A faithful, word-for-word copy of the data below is required, without pictures.

--- Data ---

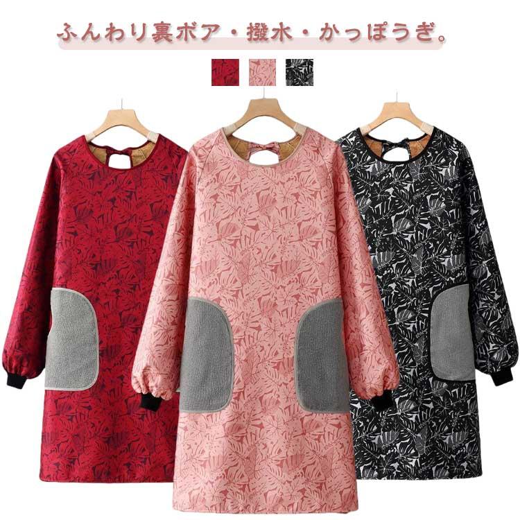 裏ボア裏起毛割烹着かっぽうぎ超あったか袖付エプロン袖口リブ長袖エプロンスモック大人用撥水防水秋冬冬用かっぽう着あったかフリースロング丈暖かい長袖総柄お
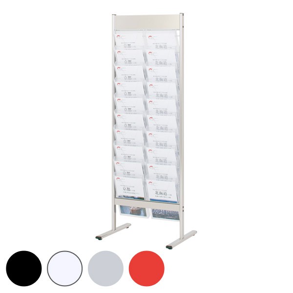 リーフレットなどを陳列する什器です。サイズは2列10段(A4判)で組立式です。ラックカラーが4色あり、本体は同色になります。「ご自由にお取りください。」の表示ラベルが同梱されています。ラックの固定にはラックをワイヤーに引っ掛けてご使用下さい。シーンを選ばずオフィスや商業施設、学校や病院など、どんな場所でも使えます。【商品詳細】 サイズ/本体:約幅56×奥行45×高さ154.1cm2列10段(A4判) 表示板:約幅49.4×高さ10cm 重量/約15.8kg 内容量/1台 材質/本体:アルミ押型材・化研ステンカラー ラック:ポリスチレン カラー/ブラック、クリア、グレー、レッド 生産国/日本製 型番/PRC-102-BK、PRC-102-CL、PRC-102-GY、PRC-102-R 備考/装備品:アジャスター、表示ラベル ※カタログ厚み2.5cmまで《送料無料 展示 スタンド ラック 販促 ディスプレイ カタログ 冊子 店舗什器 会社 オフィス 学校 官公庁 店舗 店 待合室 ブラック クリア グレー レッド 黒 赤 クロ アカ LH2957》
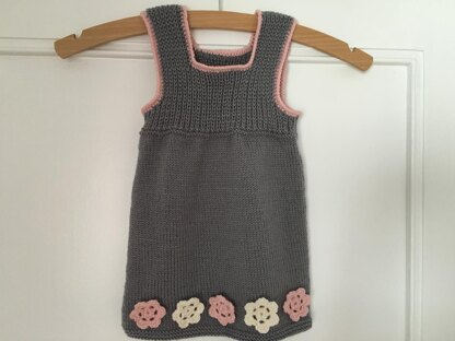 Anleitung für ein niedliches Strickkleid in zwei Größen mit Häkelblüten. Je nach Größe braucht ihr 150 g - 200 g graue Wolle und Reste in weiß und rosa.

---

- Expected output:
 裏ボア裏起毛割烹着かっぽうぎ超あったか袖付エプロン袖口リブ長袖エプロンスモック大人用撥水防水秋冬冬用かっぽう着あったかフリースロング丈暖かい長袖総柄お
 リーフレットなどを陳列する什器です。サイズは2列10段(A4判)で組立式です。ラックカラーが4色あり、本体は同色になります。「ご自由にお取りください。」の表示ラベルが同梱されています。ラックの固定にはラックをワイヤーに引っ掛けてご使用下さい。シーンを選ばずオフィスや商業施設、学校や病院など、どんな場所でも使えます。【商品詳細】 サイズ/本体:約幅56×奥行45×高さ154.1cm2列10段(A4判) 表示板:約幅49.4×高さ10cm 重量/約15.8kg 内容量/1台 材質/本体:アルミ押型材・化研ステンカラー ラック:ポリスチレン カラー/ブラック、クリア、グレー、レッド 生産国/日本製 型番/PRC-102-BK、PRC-102-CL、PRC-102-GY、PRC-102-R 備考/装備品:アジャスター、表示ラベル ※カタログ厚み2.5cmまで《送料無料 展示 スタンド ラック 販促 ディスプレイ カタログ 冊子 店舗什器 会社 オフィス 学校 官公庁 店舗 店 待合室 ブラック クリア グレー レッド 黒 赤 クロ アカ LH2957》
 Anleitung für ein niedliches Strickkleid in zwei Größen mit Häkelblüten. Je nach Größe braucht ihr 150 g - 200 g graue Wolle und Reste in weiß und rosa.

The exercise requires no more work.